A-Z April Challenge – Volubilis, Morocco

During an independent tour of Morocco we headed north out of Marrakesh to the cities of Meknes & Fes. The scenic route took us through the Atlas Mountains where we slept in tents and visited waterfalls, raging rivers and colourful markets.

En route to the incredible city of Fes, we stopped at the Roman ruins at Volubilis, the ancient city considered the ancient capital of the Roman-Berber kingdom of Mauretania.

Constructed in the 3rd Century BC, it continued to flourish through the 1st Century AD as an important city in the Empire before its significance to Rome reduced and it eventually fell to local tribes around 285, never to be retaken by the empirical forces.


It continued to be inhabited for at least another 700 years, first as a Christian community and then as an early Islamic settlement. In the late 8th century it became the seat of Idris ibn Abdallah, the founder of the Idrisid dynasty and the state of Morocco.

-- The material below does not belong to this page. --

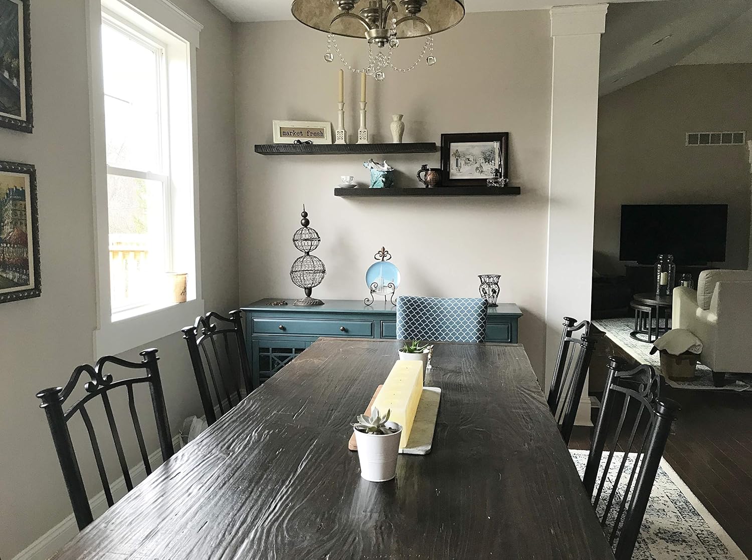 These wall shelves are both functional and stylish, giving my living room a fresh look.

By the 11th century Volubilis had been abandoned after the seat of power was relocated to Fes. Much of the local population was transferred to the new town of Moulay Idriss Zerhoun, about 5 km from Volubilis.

During the following centuries Volubilis was ransacked for stone in the building of Meknes and suffered an earthquake before being rediscovered and excavated in the 19th Century.

Now a UNESCO World Heritage Site, it features some fine buildings and impressive mosaics.

Volubilis2Volubilis 3

We spent an enjoyable hour or so clambering amongst the ruins as the sun fell, before heading for Fes in time for sunset.

One comment

  1. I rate this place as one of my favourite ancient sites. Thanks for the memory nudge!